Listed records
=== Section Start ===

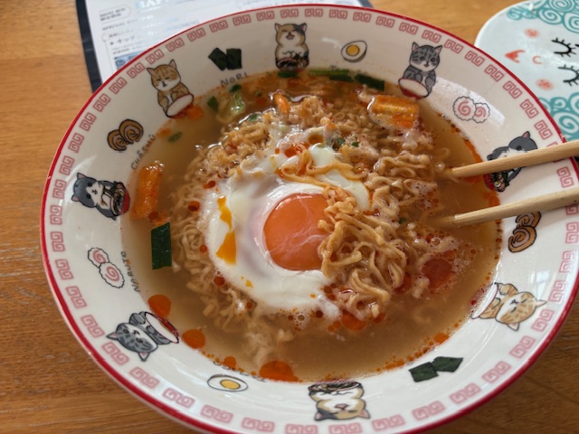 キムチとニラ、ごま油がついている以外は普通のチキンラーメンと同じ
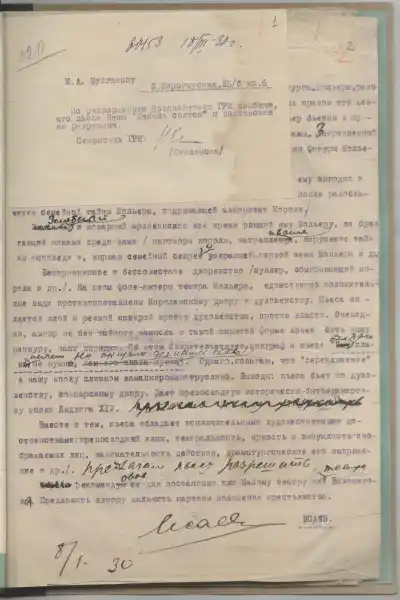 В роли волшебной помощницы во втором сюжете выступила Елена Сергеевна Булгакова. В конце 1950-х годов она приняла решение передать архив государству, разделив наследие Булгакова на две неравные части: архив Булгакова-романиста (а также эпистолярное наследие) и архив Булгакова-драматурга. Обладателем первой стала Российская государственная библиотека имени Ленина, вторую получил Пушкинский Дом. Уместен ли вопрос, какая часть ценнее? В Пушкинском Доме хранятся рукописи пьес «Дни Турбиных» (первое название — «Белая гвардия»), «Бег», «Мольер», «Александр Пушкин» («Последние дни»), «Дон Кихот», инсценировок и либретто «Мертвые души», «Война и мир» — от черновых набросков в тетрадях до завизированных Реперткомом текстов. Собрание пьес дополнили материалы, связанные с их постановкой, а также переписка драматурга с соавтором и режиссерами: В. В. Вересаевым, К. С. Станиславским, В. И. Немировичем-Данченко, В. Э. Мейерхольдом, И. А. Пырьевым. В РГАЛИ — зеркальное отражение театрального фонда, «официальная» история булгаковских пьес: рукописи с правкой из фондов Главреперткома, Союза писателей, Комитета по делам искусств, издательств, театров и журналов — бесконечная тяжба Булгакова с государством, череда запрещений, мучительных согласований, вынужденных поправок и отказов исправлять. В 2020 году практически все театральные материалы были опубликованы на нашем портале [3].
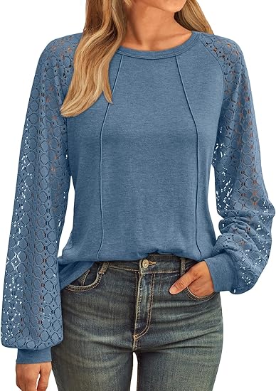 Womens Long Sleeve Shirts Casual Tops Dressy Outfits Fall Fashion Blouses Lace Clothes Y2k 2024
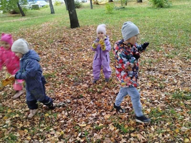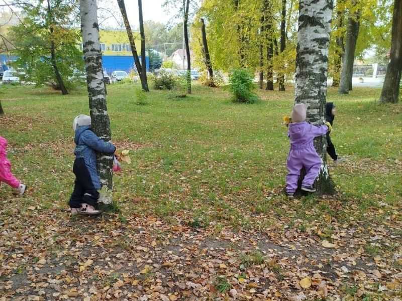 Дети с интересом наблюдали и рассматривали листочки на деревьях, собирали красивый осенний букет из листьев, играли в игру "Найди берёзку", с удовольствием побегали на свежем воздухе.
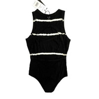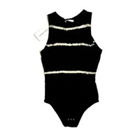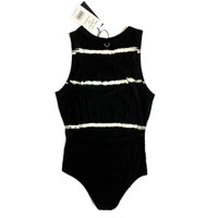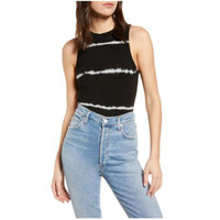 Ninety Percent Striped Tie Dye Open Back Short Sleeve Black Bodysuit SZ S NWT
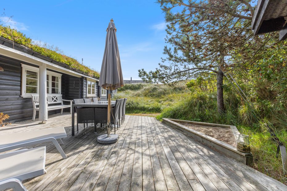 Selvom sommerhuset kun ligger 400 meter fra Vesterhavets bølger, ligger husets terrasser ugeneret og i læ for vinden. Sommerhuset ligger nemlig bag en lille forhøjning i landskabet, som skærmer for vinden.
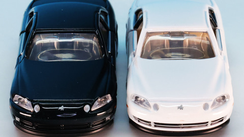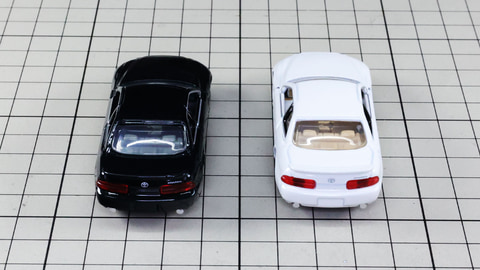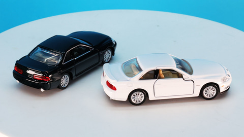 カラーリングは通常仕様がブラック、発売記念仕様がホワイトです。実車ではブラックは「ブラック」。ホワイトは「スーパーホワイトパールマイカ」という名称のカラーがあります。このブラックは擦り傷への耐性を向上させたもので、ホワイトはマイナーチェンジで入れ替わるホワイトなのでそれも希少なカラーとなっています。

=== Section End ===

Write out every entry above exactly, minus the pictures.

Task result
 キムチとニラ、ごま油がついている以外は普通のチキンラーメンと同じ
 В роли волшебной помощницы во втором сюжете выступила Елена Сергеевна Булгакова. В конце 1950-х годов она приняла решение передать архив государству, разделив наследие Булгакова на две неравные части: архив Булгакова-романиста (а также эпистолярное наследие) и архив Булгакова-драматурга. Обладателем первой стала Российская государственная библиотека имени Ленина, вторую получил Пушкинский Дом. Уместен ли вопрос, какая часть ценнее? В Пушкинском Доме хранятся рукописи пьес «Дни Турбиных» (первое название — «Белая гвардия»), «Бег», «Мольер», «Александр Пушкин» («Последние дни»), «Дон Кихот», инсценировок и либретто «Мертвые души», «Война и мир» — от черновых набросков в тетрадях до завизированных Реперткомом текстов. Собрание пьес дополнили материалы, связанные с их постановкой, а также переписка драматурга с соавтором и режиссерами: В. В. Вересаевым, К. С. Станиславским, В. И. Немировичем-Данченко, В. Э. Мейерхольдом, И. А. Пырьевым. В РГАЛИ — зеркальное отражение театрального фонда, «официальная» история булгаковских пьес: рукописи с правкой из фондов Главреперткома, Союза писателей, Комитета по делам искусств, издательств, театров и журналов — бесконечная тяжба Булгакова с государством, череда запрещений, мучительных согласований, вынужденных поправок и отказов исправлять. В 2020 году практически все театральные материалы были опубликованы на нашем портале [3].
 Womens Long Sleeve Shirts Casual Tops Dressy Outfits Fall Fashion Blouses Lace Clothes Y2k 2024
 Дети с интересом наблюдали и рассматривали листочки на деревьях, собирали красивый осенний букет из листьев, играли в игру "Найди берёзку", с удовольствием побегали на свежем воздухе.
 Ninety Percent Striped Tie Dye Open Back Short Sleeve Black Bodysuit SZ S NWT
 Selvom sommerhuset kun ligger 400 meter fra Vesterhavets bølger, ligger husets terrasser ugeneret og i læ for vinden. Sommerhuset ligger nemlig bag en lille forhøjning i landskabet, som skærmer for vinden.
 カラーリングは通常仕様がブラック、発売記念仕様がホワイトです。実車ではブラックは「ブラック」。ホワイトは「スーパーホワイトパールマイカ」という名称のカラーがあります。このブラックは擦り傷への耐性を向上させたもので、ホワイトはマイナーチェンジで入れ替わるホワイトなのでそれも希少なカラーとなっています。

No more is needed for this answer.